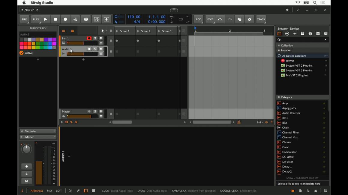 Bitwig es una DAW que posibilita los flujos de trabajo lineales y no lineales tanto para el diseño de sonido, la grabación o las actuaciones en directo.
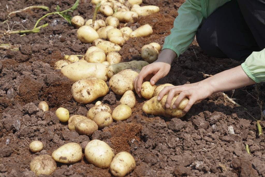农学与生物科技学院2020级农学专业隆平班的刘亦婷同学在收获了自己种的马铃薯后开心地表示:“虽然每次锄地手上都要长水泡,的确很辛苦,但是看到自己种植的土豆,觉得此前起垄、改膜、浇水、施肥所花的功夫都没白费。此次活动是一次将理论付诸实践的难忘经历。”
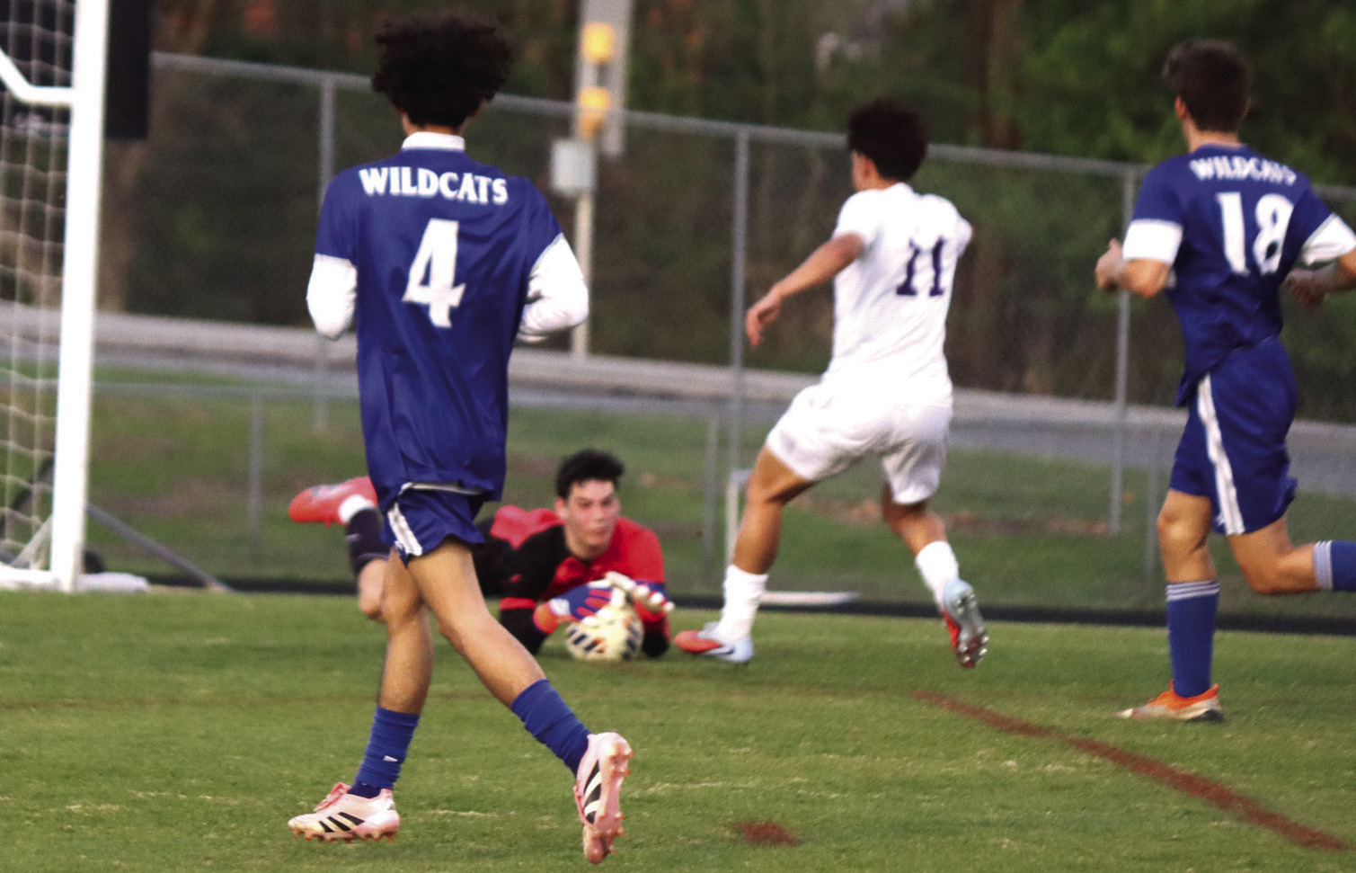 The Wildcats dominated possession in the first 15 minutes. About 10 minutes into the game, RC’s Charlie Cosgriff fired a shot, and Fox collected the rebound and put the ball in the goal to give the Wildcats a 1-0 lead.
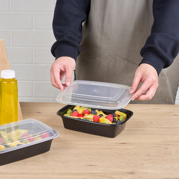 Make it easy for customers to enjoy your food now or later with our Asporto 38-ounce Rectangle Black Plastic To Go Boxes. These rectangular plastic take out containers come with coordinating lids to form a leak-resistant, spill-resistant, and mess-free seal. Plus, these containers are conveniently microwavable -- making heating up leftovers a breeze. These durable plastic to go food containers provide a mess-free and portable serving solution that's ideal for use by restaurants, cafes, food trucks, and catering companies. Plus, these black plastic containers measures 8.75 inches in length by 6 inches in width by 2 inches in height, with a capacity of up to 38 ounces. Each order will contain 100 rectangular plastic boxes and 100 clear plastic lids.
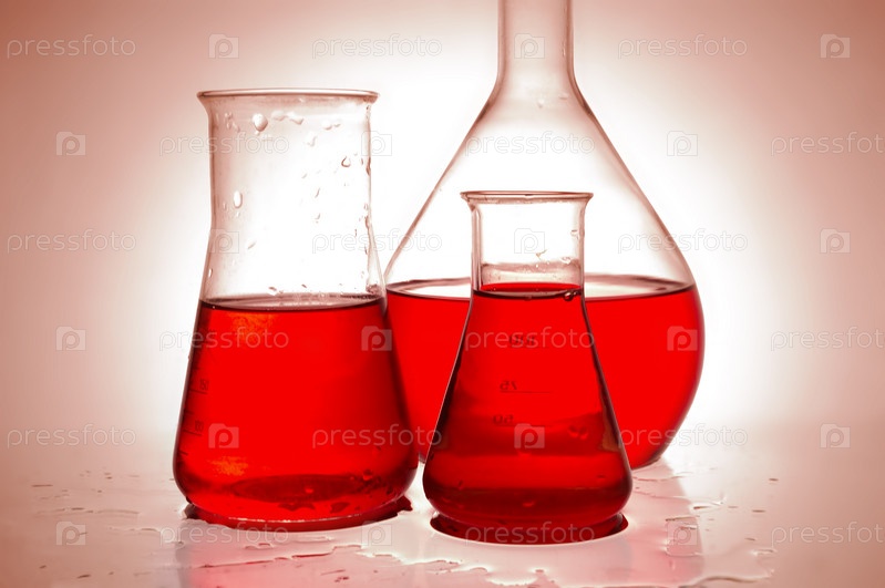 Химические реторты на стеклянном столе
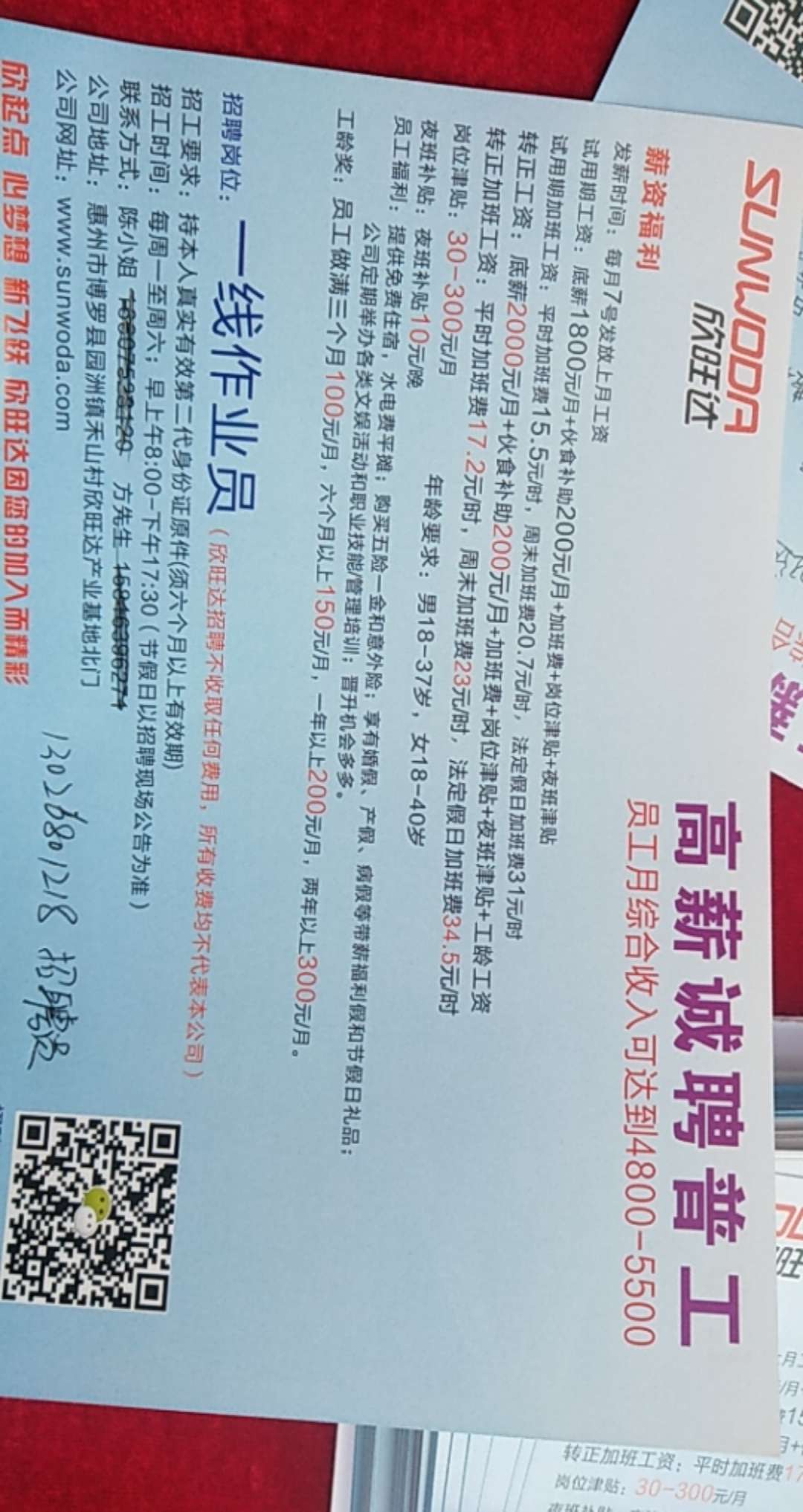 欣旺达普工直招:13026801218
---
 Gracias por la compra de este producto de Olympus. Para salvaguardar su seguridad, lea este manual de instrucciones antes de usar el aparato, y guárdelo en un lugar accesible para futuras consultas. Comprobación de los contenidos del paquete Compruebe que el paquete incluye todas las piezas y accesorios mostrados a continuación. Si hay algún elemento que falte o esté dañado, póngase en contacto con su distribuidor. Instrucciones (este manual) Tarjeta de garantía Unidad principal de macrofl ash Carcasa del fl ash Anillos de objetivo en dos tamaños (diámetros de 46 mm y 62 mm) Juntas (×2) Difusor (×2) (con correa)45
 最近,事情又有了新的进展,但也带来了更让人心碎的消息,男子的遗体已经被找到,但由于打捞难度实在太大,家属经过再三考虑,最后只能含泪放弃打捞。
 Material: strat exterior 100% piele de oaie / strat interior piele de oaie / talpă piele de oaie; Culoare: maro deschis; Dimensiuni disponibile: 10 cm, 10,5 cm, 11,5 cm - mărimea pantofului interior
---
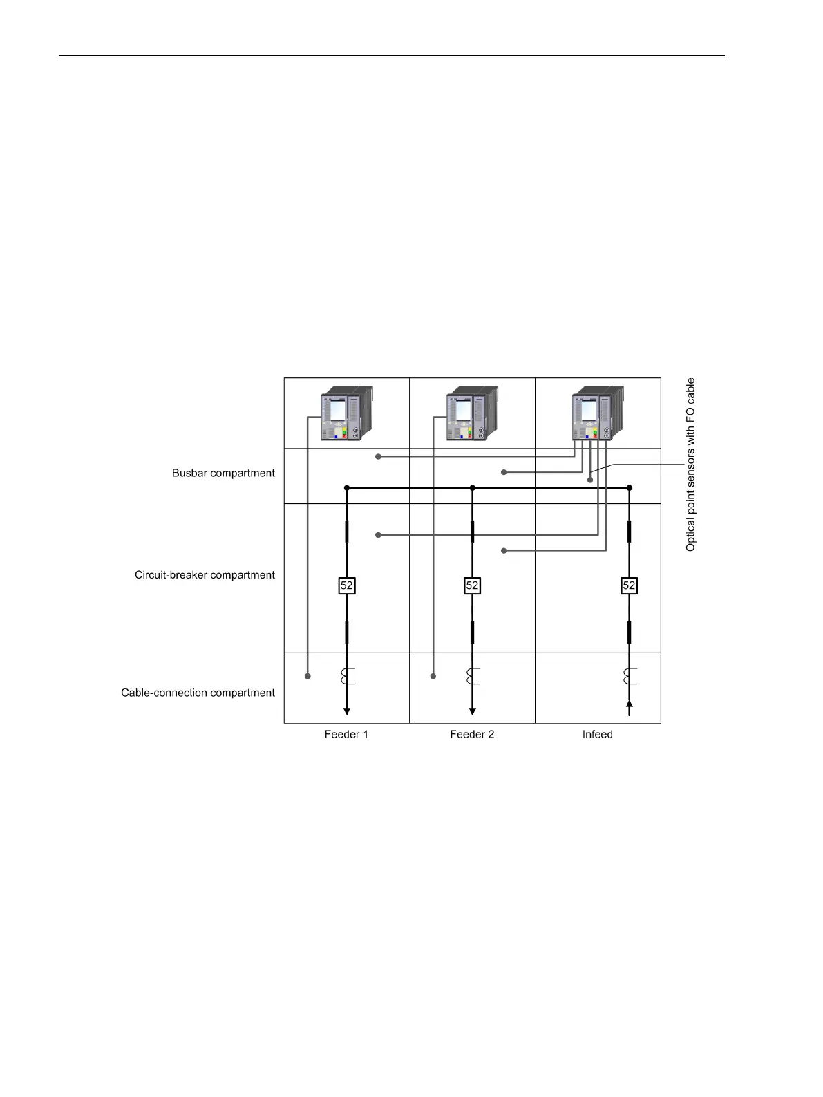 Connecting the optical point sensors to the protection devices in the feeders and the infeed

__Task requirements__
For this exercise, reproduce exactly the lines of the records above from the one with "Bitwig es una" up to and including the one with "The Wildcats dominated", without pictures.

__Reply__
 Bitwig es una DAW que posibilita los flujos de trabajo lineales y no lineales tanto para el diseño de sonido, la grabación o las actuaciones en directo.
农学与生物科技学院2020级农学专业隆平班的刘亦婷同学在收获了自己种的马铃薯后开心地表示:“虽然每次锄地手上都要长水泡,的确很辛苦,但是看到自己种植的土豆,觉得此前起垄、改膜、浇水、施肥所花的功夫都没白费。此次活动是一次将理论付诸实践的难忘经历。”
 The Wildcats dominated possession in the first 15 minutes. About 10 minutes into the game, RC’s Charlie Cosgriff fired a shot, and Fox collected the rebound and put the ball in the goal to give the Wildcats a 1-0 lead.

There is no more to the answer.